How to deal with the “TooManyCallsException”

I randomly see the question “We get the TooManyCallsException while rendering pages, and we need to increase the threshold for the number of inclusions to 5000. Is this a problem? What can we do so we don’t run into this issue at all?”

Before I answer this question, I want to explain the background of this setting, why it was introduced and when such a “Call” is made.

Sling rendering is based on Servlets; and while a single servlet can handle the rendering of the complete response body, that is not that common in AEM. AEM pages normally consistent of a variety of different components, which internally can consist of distinct subcomponents as well. This depends on the design approach the development has choosen.
(It should be mentioned that all JSPs and all HTL scripts are compiled into regular Java servlets.)

That means that the rendering process can be considered as tree of servlets, and servlets calling other servlets (with the DefaultGetServlet being the root of such a tree when rendering pages). This tree is structured along the resource tree of the page, but it can include servlets which are rendering content from different areas of the repository; for example when dealing with content fragments or including images, which require their metadata to be respected.

It is possible to turn this tree into a cyclic graph; and that means that the process of traversing this tree of servlets will turn into a recursion. In that case request processing will never terminate, the Jetty thread pool will quickly fill up to its limit, and the system will get unavailable. To avoid this situation only a limited number of servlet-calls per request is allowed. And that’s this magic number of 1000 allowed calls (which is configured in the Sling Main Servlet).

Knowing this let me try to answer the question “Is it safe to increase this value of 1000 to 5000?“. Yes, it is safe. In case your page rendering process goes recursive it terminates later, which will increase a bit the risk of your AEM instance getting unavailable.

Are there any drawbacks? Why is the default 1000 and not 5000 (or 10000 or any higher value)?” From experience 1000 is sufficient for the majority of applications. It might be too low for applications where the components are designed very granular which in turn require a lot of servlet calls to properly render a page.
And every servlet call comes with a small overhead (mostly for running the component-level filters); and even if this overhead is just 100 microseconds, 1000 invocations are 100 ms just for the invocation overhead. That means you should find a good balance between a clean application modularization and the runtime performance overhead of it.

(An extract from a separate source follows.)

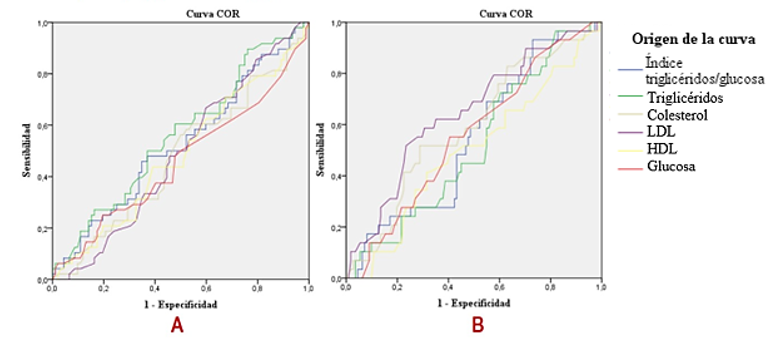 Las curvas de COR reflejaron la presencia de potencia predictiva del 53-55% inherente al índice triglicéridos glucosa con respecto al desarrollo de sobrepeso u obesidad (gráfico 2), pudiendo establecer un punto de corte en 4,8 para la ocurrencia de sobrepeso u obesidad, con una sensibilidad y especificidad de entre 81-86% y 26-28% respectivamente.
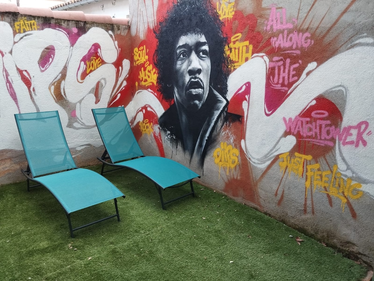 En una villa de los años 30, F2 con vistas a la parte posterior de la casa frente al jardín, el apartamento le ofrece todas las comodidades y tranquilidad en el corazón del centro de la ciudad de Perpiñán. Estación de tren SALVADOR DALI a 15 minutos a pie, Palacio de los Reyes de MALLORCA a 5 minutos, parada de autobús en la esquina de la calle, aparcamiento frente a la casa, zona residencial. Comercios de proximidad a dos pasos . Terraza de 50 m2 para los huéspedes con barbacoa. Aire acondicionado. La ropa de cama se lava y desinfecta con vapor.

Which leads to the next question: “What are the problematic calls we should think of?“. Good one.
From a high-level view of AEM page renderings, you cannot avoid the servlet-calls which render the components. That means that you as an AEM application developer cannot influence the overall page rendering process, but you can only try to optimise the rendering of individual (custom) components.
To optimise these, you should be aware, that the following things trigger the invocation of a servlet during page rendering:

  • the <cq:include>, <sling:include> and <sling:forward> JSP tags
  • the data-sly-include statement of HTL
  • and every method which invokes directly or indirectly the service() method of a servlet.

A good way to check this for some pages is the “Recent requests” functionality of the OSGI Webconsole.